In silico identification of novel cis-regulatory elements in Mesorhizobium loti

Feroz Khan (M.Tech. Biotech)1, Shipra Agrawal (Ph.D)2 and B. N. Mishra (Ph.D.)3§

1,3Department of Biotechnology, Institute of Engineering & Technology, Lucknow

2Jawahar Lal Nehru Center of Advanced Research, Bangalore, India

E-mail: , &

§Corresponding author

Dr. B.N. Mishra

Assistant Professor Head

Department of Biotechnology

Institute of Engineering & Technology,

Sitapur Road, Lucknow-226012 (U.P.), India

Phone: +91 522 2363220, 2733148 Ext. 206 (O), +91 522 2731636 (Fax)

Email:

ABSTRACT

A computational approach was designed to detect over-represented hexanucleotide(s) located within -400 bp upstream sequences of four data set of genes similar to cellular functional categories viz.

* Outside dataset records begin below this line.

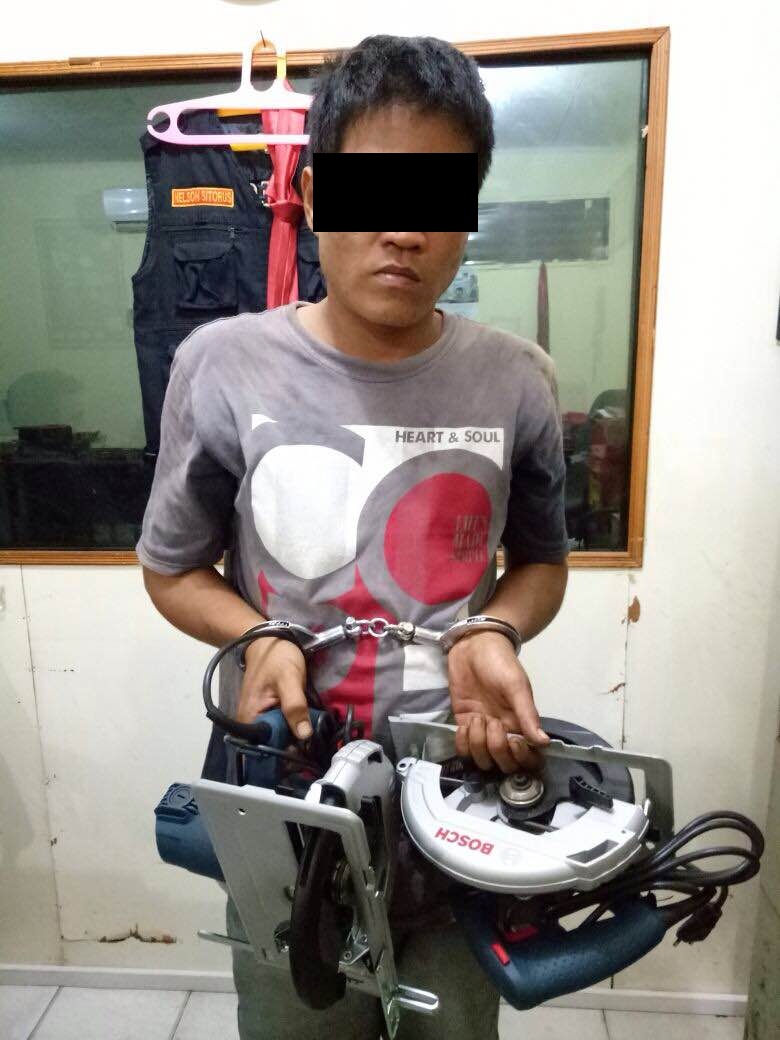 “Setelah semua bukti lengkap, dengan dipimpin Kanit Reskrim Ipda M Bahari Abdi, unit reskrim langsung meringkusnya. Dari tangan pelaku kita berhasil mengamankan dua unit alat mesin pemotong, dan pelaku kita jerat dengan pasal 363 KUHP ancaman kurungan diatas lima tahun.” terang Kapolsek.
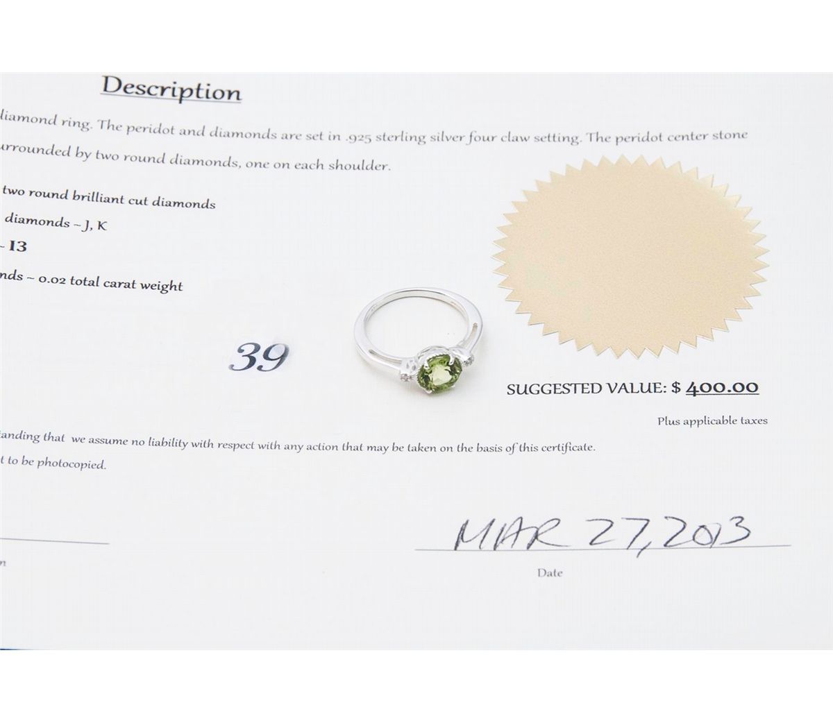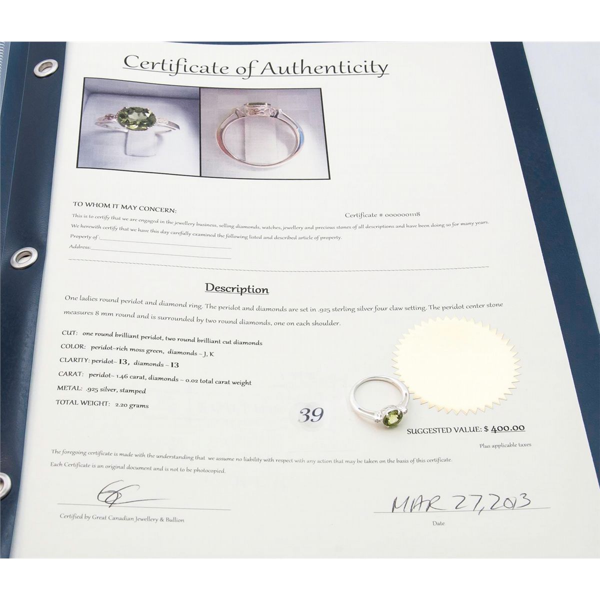 Includes 400 Certificate
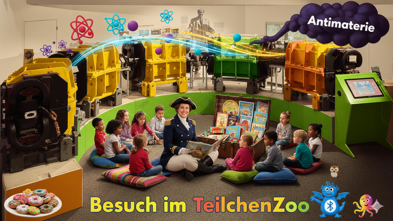 Nein, damit sind nicht die süßen Teilchen gemeint, die es in der Bäckerei gibt! Sondern es geht um die winzigen kleinen Teilchen, aus denen das riesige Universum, unsere Welt, unsere Körper und die Blätter der Pflanzen bestehen. Selbst die exotischen Teilchen der Dunklen Materie könnt ihr im Teilchenzoo des Deutschen Museums Bonn entdecken! Wenn ihr also Z-Bosonen, Tau-Neutrinos oder Gluonen begegnen möchtet und wissen wollt, wie man etwas so Winziges überhaupt einfangen kann, dann kommt in den wuseligen Teilchenzoo. Käpt´n Book wird mit euch einen Photon-Twist tanzen, Nebelkammern detektivisch erkunden und zeigen, dass ein Top-Quark keine Milchspeise ist. Also auf ins Museum, wenn Käpt´n Book gemeinsam mit Proton, Elektron und Neutron vor dem Teilchenbeschleuniger zum fröhlichen Familienfest mit spannenden Lesungen einlädt!
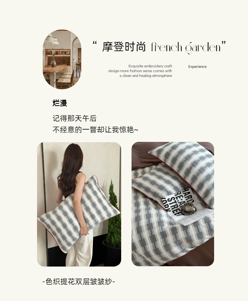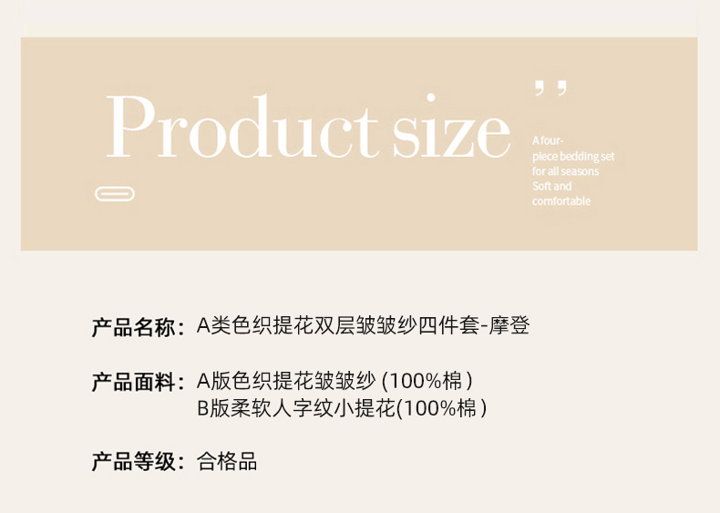 商品名称:(总)玛奇朵 2024秋冬新品韩国A类色织提花双层皱皱纱四件套-摩登
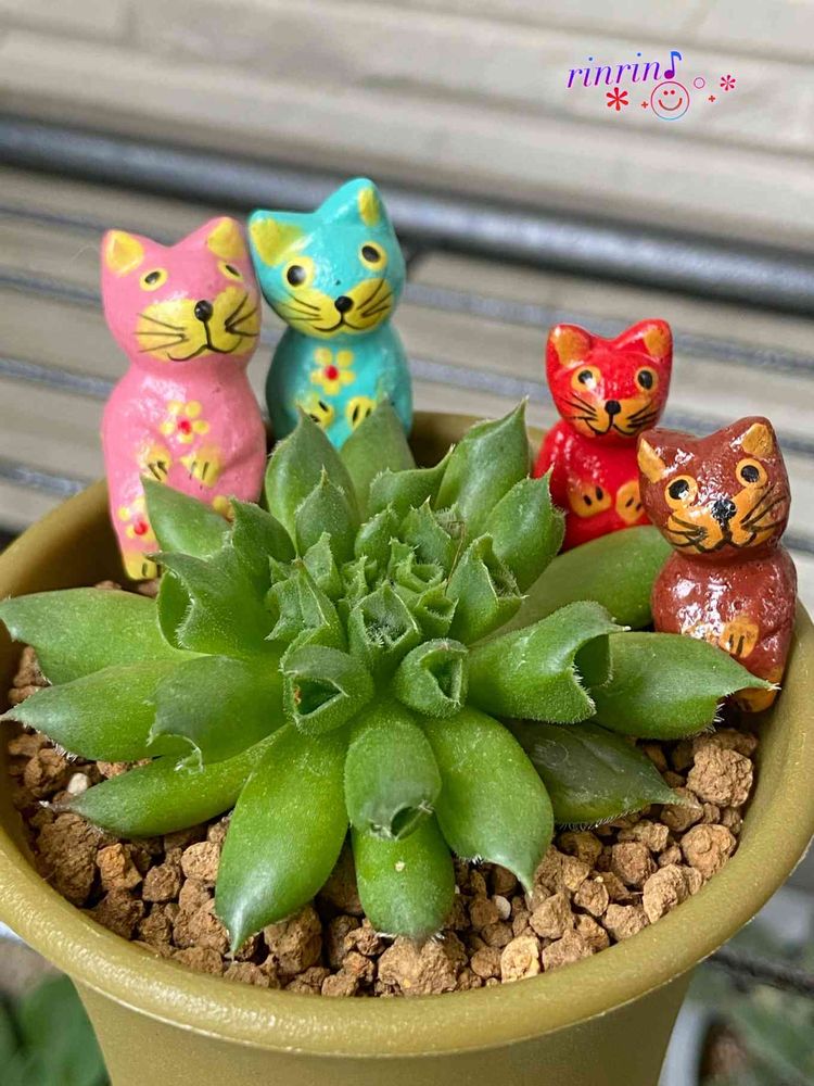 木彫りのニャンコちゃん達、カラフルで可愛い✨
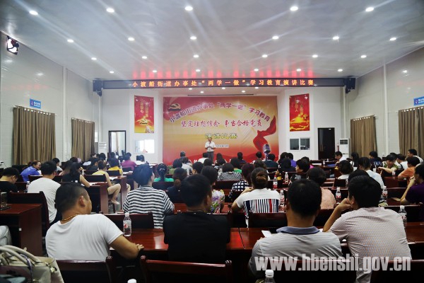 7月22日,小渡船街道办事处举办“两学一做”学习教育主题演讲比赛。办事处全体机关党员干部,各村(居)、办直各单位党组织负责人及部分党员代表共130余人观看比赛。

Nitrogen fixation, Symbiosis, Nitrogen metabolism and Glutamate family in Mesorhizobium loti; a symbiont to model legume plant Lotus japonicus. The upstream sequences of these genes were analyzed for known transcription factor (TF) binding site(s) and then verified statistically along with experimental data comparisons using over-represented hexanucleotide frequencies. Finally eight families of known TF/binding sites were recognized in all sets as high affinity novel motif patterns. Genome wide occurrence of detected patterns was verified, which had several nif genes, nod genes, nitrogen metabolism related genes and amino acid biosynthetic genes. These findings in the genome of M. loti may lead to more intricate analysis of regulatory network involved in symbiotic interaction with the host plant L. japonicus.

Keywords: Regulatory binding motifs, TF binding sites in M. loti, Hexanucleotides motifs, Nitrogen fixing bacteria.

INTRODUCTION

The majority of computational analyses has been done in coding sequences or between proteins and less in non-coding sequences [van Helden, J, 2003]. Non-coding regions are of interest since they govern the regulation of gene expression. Regulatory profiles of known and unknown genes are already being determined experimentally at a genomic scale, by DNA microarray technology [Schena et al., 1995; Schena et al., 1996; Schena M, 1996; Goffeau et al., 1997; Lashkari et al., 1997; DeRisi et al., 1997]. Besides, several programs have been developed to isolate unknown patterns shared by sets of functionally related DNA sequences [Waterman et al., 1984; Galas et al., 1985; Mengeritsky G and Smith TF, 1987; Stormo GD & Hartzell GW, 1989; Hertz et al., 1990; Lawrence C & Reilly A, 1990; Cardon LR and Stormo GD 1992; Lawrence et al., 1993; Neuwald et al., 1995; Hertz G and Stormo G, 1995; Wolfertstetter et al., 1996; Bulyk et al., 2004]. These programs have been inspired by a particular type of signals and are generally highly efficient for the detection of elements.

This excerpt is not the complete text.